I'm trying to implement an areal interpolation technique described in https://www.tandfonline.com/doi/abs/10.1080/00045608.2011.627054 but I'm struggling to understand how the linear programming formulation in the paper translates to something like lpSolve using R.
Basically the task is to interpolate population from a set of source zones, each with an aggregate population value, to an arbitrary set of target zones. By using ancillary land cover data that classifies different land uses, and obtaining the area of intersection of each land use class with each source zone and using these as independent variables in a quantile regression, the coefficients of the quantile regression at the exact percentile of each source zone should give an estimate of the population density for each land class for each source zone. These can then be summed for each area of intersection for each class in each source zone and each target zone to get an estimate for the target zone.
The formulation is:
Minimise $\sum_{i}p\lambda_{i}^{-}+(1-p)\lambda_{i}^{+}$
Subject to:
$\sum_{j}\beta_{j}X_{ij}+\lambda_{i}^{-}+\lambda_{i}^{+} = P_{i}$ (for all i)

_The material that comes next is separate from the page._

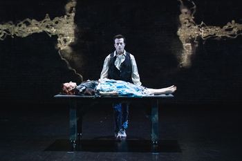 Combustible Company's play Monster Heart, written by artistic director Kym Longhi (who also directs this production) with further development by the acting ensemble, is a fresh–and eerily beautiful–take on the Frankenstein tale. It weaves together two stories that are closely related. There is the well-known tale of Dr. Victor Frankenstein, driven to exercise control over life in response to the death of his dear mother by cobbling together harvested body parts to create a new life–which takes the form of a monster. This is paired with the story of the novel's creation by Mary Shelley, a mere eighteen years old at the time and embroiled in an affair with heralded romantic poet Percy Bysshe Shelly. Mary's mother was Mary Wollstonecraft, a feminist writer; her father was William Goodwin, a philosopher and novelist considered one of the first modern proponents of anarchism. Both profoundly affected her, even though her mother died shortly after her birth, leaving Mary to be raised primarily by her father. Little wonder that the child of this union flaunted conventionality in her life with Shelly, whom she later married, and authored a novel that railed against the dangers of enlightenment-age science and rationality. The play pivots between the two narratives, making their pairing seem inevitable, and the connection between Mary Shelley and the fictional monster she dreamt up seems to be a meeting of hearts. Each scene is introduced with a title projected on the real wall of the stage, often with snippets of text and with dates. This proves to be helpful in following the shifts between the two narrative streams and movements back in time to present Mary's origins. Sometimes there are lines taken from William Goodwin or Mary Wollstonecraft, framing the effect Mary's parentage had on her. Monster Heart is conceived as something of dream, with the cast entering in slow, ballet movement, as if underwater. There is a minimum of spoken dialogue. Some of it spoken by Mary from a writing table at stage left, reading aloud from letters or diary entries that contain the outline of her life. Much of the narrative is provided by way of the actors' movement, sometimes in pairs, sometimes in larger groupings, often creating imagery that is as beautiful as it is ingenious, and at times heartbreaking, while at other times quite comical. Two webbed matrices hang on either side of the stage that allow action to sometimes move vertically as well as horizontally, with actors climbing up or swinging upon the supple rungs. On opening night, Seth Campbell, one of the seven ensemble members, was out due to illness. As there are no understudies, the company gathered before the play began and made adjustments to allow Campbell's parts to be absorbed by the other six actors. I only found this out after the play, and would never have thought there was a cast member missing had there not been seven names in the program, as opposed to the six I saw on stage. Hopefully, all seven were able to appear in subsequent performances, but the fact that the adjustments were made so seamlessly speaks to the intense collaboration among ensemble members and the fluidity of presentation in this piece that makes the whole much greater than the individual parts. That said, the actors do phenomenal work individually, as well as collectively. Erik Hoover is exquisite in the roles of Percy, Frankenstein, and the monster–his head covered in a fantastic mask designed by Longhi, grotesque and yet truly a work of art. Julianna Drajko seems to draw inspiration from the spirit of Mary Shelley herself, portraying Mary, Frankenstein, and a second monster–the mate the first monster demands be created so that he not be condemned to a life of abject rejection and loneliness. Hoover and Drajko work beautifully together, embodying Mary and Percy's desire, in contrast to the fierce exchanges between Frankenstein and his monster. In addition to playing Shelley's first wife Harriet, whom he abandons for Mary, Joni Griffith provides musical accompaniment on violin and a twanging crosscut saw. Griffith composed the evocative musical settings and vocal arrangements for a number of Percy Bysshe Shelley's poems that offer commentary on the unspooling narrative, adding immeasurably to the moodiness of the piece. The other actors–Nick Miller as Goodwin, Anna Pladson as Mary Wollstonecraft, and Madeline Wall as Claire Claremont, Mary's step-sister–each meld seamlessly into the physicality that heaves through the production. Aside from those hanging matrices and the writing table mentioned, there is little in the way of a set, but video images created by Jim Peitzman do an astonishing job of illustrating the setting and emotional atmosphere of each scene. Southern Theater's proscenium arch, with its sense of faded grandeur, provides a perfect frame for these images. Karin Olson's lighting dovetails in expert precision with the video imagery, along with Jacob Davis's sound design. Kasey Helmstead's costumes have a period sense, with skirts worn by the women that seem pieced together from random scraps, much as the monsters are pieced together from random body parts. The overall effect is a complete immersion of the senses, with light, sound, moving image, dialogue, music, and physical movement coming together to create the experience that is Monster Heart. We are reminded that the monster created by Dr. Frankenstein did not spring to life either good or bad, but as a force seeking his place in the world. The harm he does is not in his innate nature, but a response to being rejected by all who see him and the absence of any place of belonging. He cries out, "Who are my friends? Where are my relations?," and we know he is not evil, but wounded. The monster is in search of his place, hoping to connect through love, but when love doesn't come to him, he will connect through fear. Mary Shelley too sought connection through love, pushing ahead through hear

$\beta_{j},\lambda_{i}^{-},\lambda_{i}^{+} >= 0$
Where:
$p$ is the quantile parameter (0..1)
$\beta_{j}$ is the estimated population density for land class $j$
$X_{ij}$ is the amount of the $j^{th}$ land cover class associated with the $i^{th}$ observation
$P_{i}$ is the population count for the $i^{th}$ observation
$\lambda_{i}^{-}$ and $\lambda_{i}^{+}$ are deviational variables representing the amount of under and over estimation for the $i^{th}$ observation by the regression model
Essentially it's quantile regression but without an intercept term, and I can see how the formulation is meant to minimise the absolute deviation from the regression line for the chosen quantile, I'm just not sure how that quantile parameter fits in with the standard formulation for a linear program, or how exactly the deviational variables fit in and need to be treated (even if they are actually different in any way from a standard decision variable?).
I'm also slightly confused in that $\beta_{j}$, which is actually the value I'm interested in, is not part of the objective function, but only appears in the constraints - is this 'allowed' in linear programming? I guess it's just the same as it having a zero coefficient in the objective function, but I haven't found any other examples of linear programs that look like this, and as a geography student this is all fairly new to me!
Any help appreciated!
EDIT
OK, thanks to David M's response confirming what the decision variables are, I think I now know what vectors and matrices I need to pass to the lp function of the lpSolve package in R to carry out the optimisation!
Does the following look sensible?
direction: min
objective.in (vector of coefficients of the objective function): a vector of alternating p, (1-p), p, (1-p) ... for as many i as I have
const.mat (matrix of constraint coefficients, one row per constraint, one column per decision variable):
$X_{i,j}$, $X_{i,j+1}$ ... for as many j as there are for i ... , 1, 1
$X_{i+1,j}$, $X_{i+1,j+1}$ ... for as many j as there are for i+1 ... , 1, 1 ... for as many i as there are
A row of 1s of length: number of combinations of i and j (for $\beta_{ij}$) + number of i (for $\lambda_{i}^{-}$) + number of i (for $\lambda_{i}^{+}$) - this last row is for the final constraint specifying that $\beta_{ij}$, $\lambda_{i}^{-}$ and $\lambda_{i}^{+}$ must be >= 0 - or should this be defined elsewhere?
const.dir (vector of directions for each constraint): == for all except the last element which is >= for the final constraint as above?
const.rhs (vector of numeric values for the right hand side of the constraints): $P_{i}$, $P_{i+1}$, ... etc. for all i then zero for the final constraint as above?
I hope that makes sense, apologies if it's not a standard way of describing this stuff!
I'm assuming also that the +$\lambda_{i}^{-}$+$\lambda_{i}^{+}$ in $\sum_{j}\beta_{j}X_{ij}+\lambda_{i}^{-}+\lambda_{i}^{+} = P_{i}$ (for all i) is meant to be outside the summation? It's not very clear the way it's written in the paper but I'm pretty sure it wouldn't make any sense otherwise!
Thanks again for any help.
Dan
EDIT
Ah, I just spotted the following in the lpSolve docs:
"Note that every variable is assumed to be >= 0!"
Which answers my question about the final constraints above - I can leave those bits out, which makes things a bit simpler.